In fact, as I’m going to discuss next week at the HR Tech show, the entire HR Tech market has flipped upside down. We now want “employee experience first,” and “core HR second.” Of course, we will always need robust transactional systems for payroll, compliance, recruiting, and pay – but these capabilities are more commodity-like than ever, moving all the action to the employee-facing systems.
Cornerstone, which built a billion-dollar business around automating and managing learning and career solutions, is joining this parade. While the new products are not yet announced, I know that the company is working hard on a new employee-facing system that intends to make work easier, more fun, and more engaging than ever.
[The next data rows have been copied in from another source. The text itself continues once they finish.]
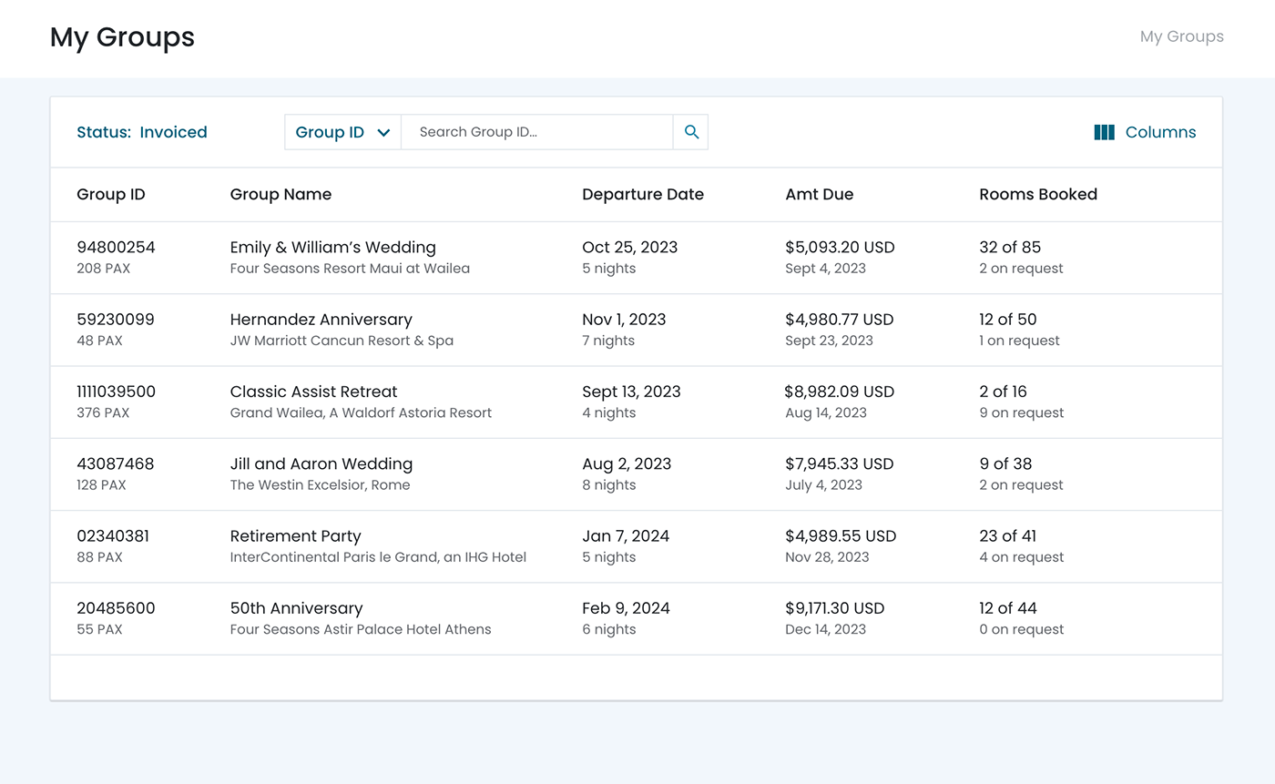 This new design replaces the current Group Overview page. Incorporate the React data grid that we presently use for the 'Bookings' page.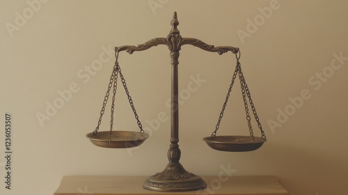 Brass scales balance, neutral background, justice concept, legal imagery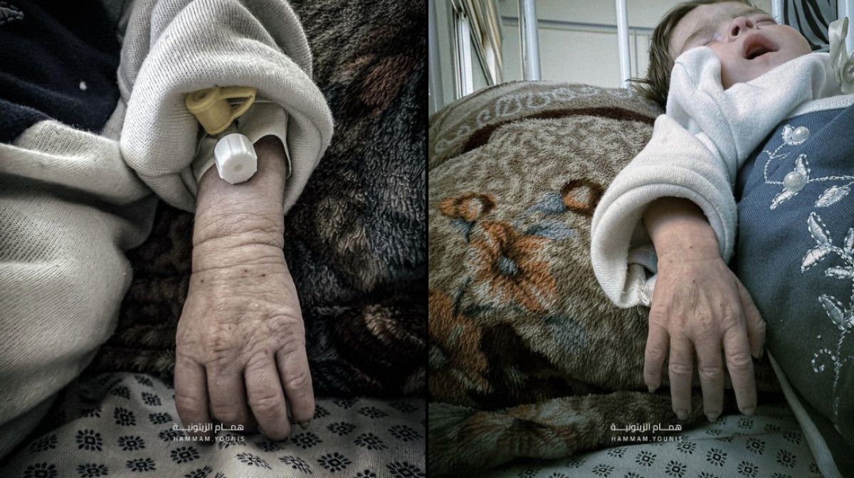 Görüntüde bebeğin minik elleri, açlık ve hastalık nedeniyle adeta bir ihtiyarın elini andırıyor.

And that’s what this vision announcement is all about.
While there are a lot of vendors piling into this space (including Microsoft, Google, ServiceNow, and Salesforce), I think Cornerstone has an interesting opportunity. The company has more than 6,000 customers and 75 million users, which makes them even bigger than Workday on user count. So if the company truly introduces an AI-driven platform, it could be pretty powerful. And the company’s focus on content has also been interesting: Cornerstone sees itself as a new, hipper version of Skillsoft, which is an interesting aspiration to consider.
This is not to say Cornerstone won’t have competition. Vendors like Eightfold.ai, SkyHive, iCims, Degreed, EdCast, and many others (I’ll discuss more next week) are all working on similar things. And some of these vendors are many years ahead of Cornerstone in their implementations. In fact, the big 600-pound gorilla is still Microsoft (and LinkedIn), which is getting very well organized around its integration between Viva and LinkedIn.
But let me give Cornerstone a vote of confidence in their mission. This is a company that has grown and outperformed almost every LMS vendor for years, and its upcoming status as a private company gives it lots of elbow room to build, acquire, and innovate.